樵夫是无意间听到的棚中有人在说话:
“不要听他那张嘴, 大凡长个后脚跟儿都能想明白的事儿, 以前咱们赚钱时, 是住洋房, 搂婊子, 大家有福共享, 现在他得了老爷器重, 他就想什么好事都他一人独吞, 出力不讨好的事儿让咱哥俩干!他想的美! 哼! 让咱哥儿俩给他背屎盆子, 这屎盆子可不是一般的屎盆子, 你想想吧!”一个声音说。
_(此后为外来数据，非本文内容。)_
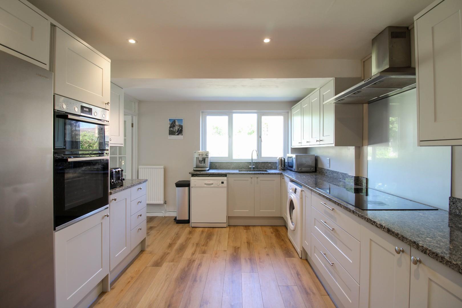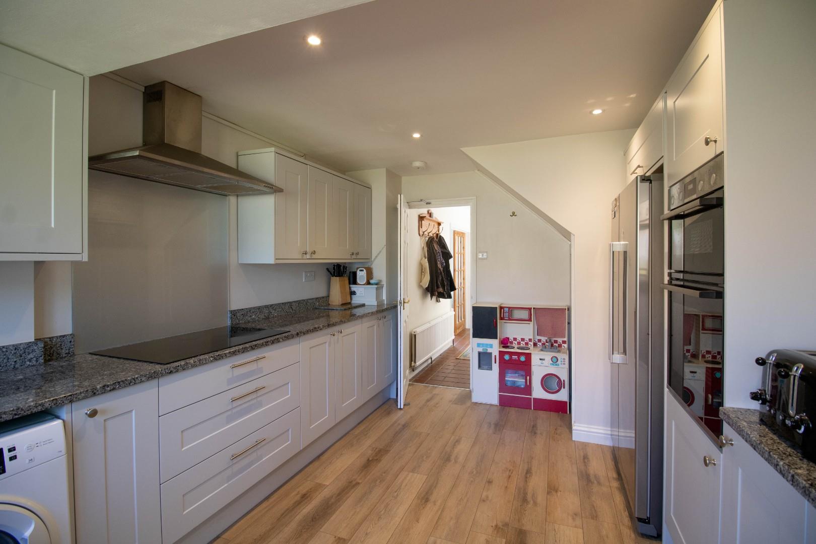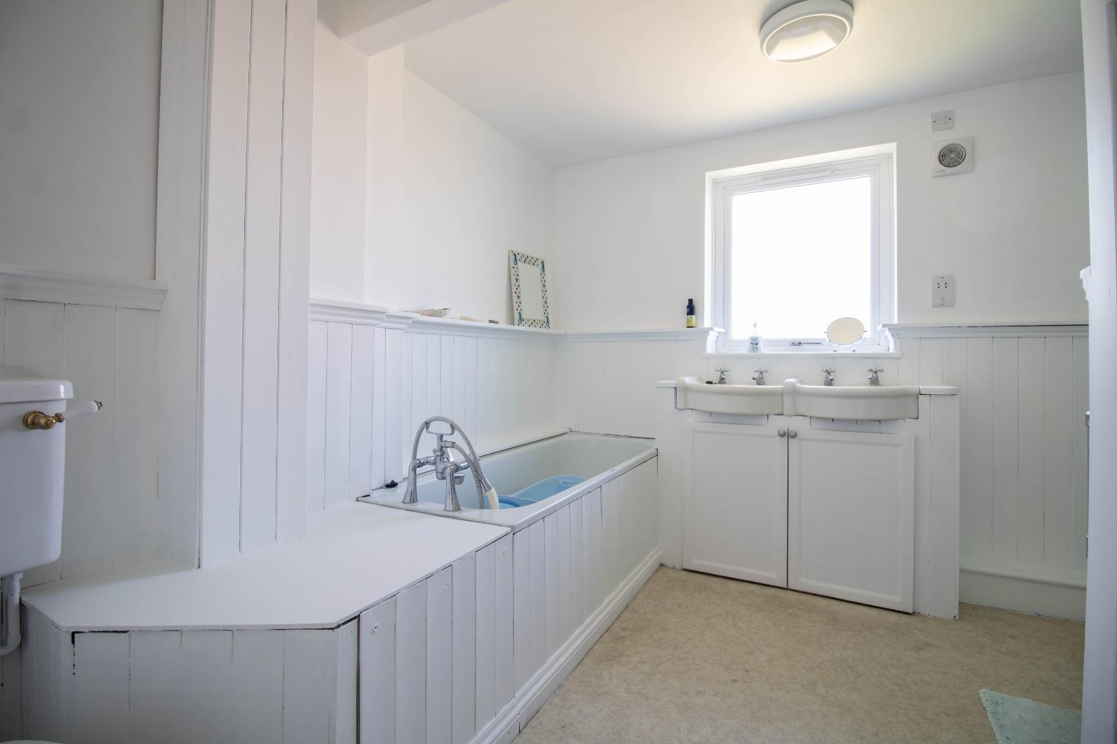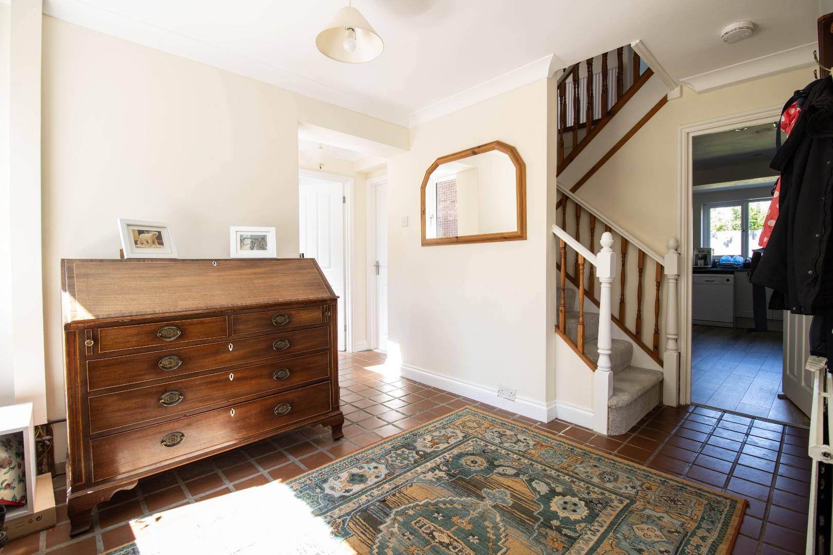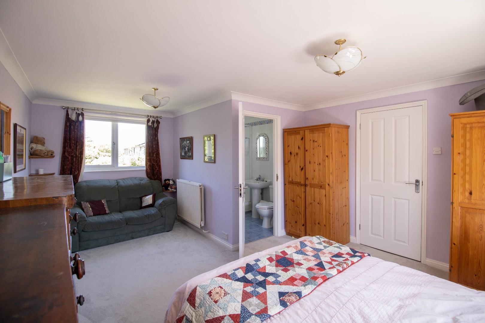Upstairs are four bedrooms, all of which are comfortable doubles. The principal bedroom is particularly spacious and includes an ensuite shower room. The family bathroom has an airing cupboard and a separate bath and shower, coupled with his-and-hers wash hand basins.

“这事儿要是干了!闹不好可是要掉脑袋的啊!”另一个声音回应着。
“是啊!完事儿后,他不会将来给咱们也灭了口吧!”
“那可是说不准!他是什么事都干得出来的!”、
“可不干又不行!他的命令谁敢不为!如果咱们不干,他也是会宰了咱们俩的!这可一样是要掉脑袋的!”
过了一会儿, 一个声音颤抖地说:“要不就按他的意思,除了那人?”
“除了那人!你说得轻巧!一条人命啊,老弟!”
“不杀他,我们也要死!杀了他,我们也要死!不过..你说的也有理, 我想想…让我想想… 除了他, 我们现看情况,不行就跑!他奶奶的, 活该他倒霉! ”那人发狠道。
“这个咱们俩还得从长合计!”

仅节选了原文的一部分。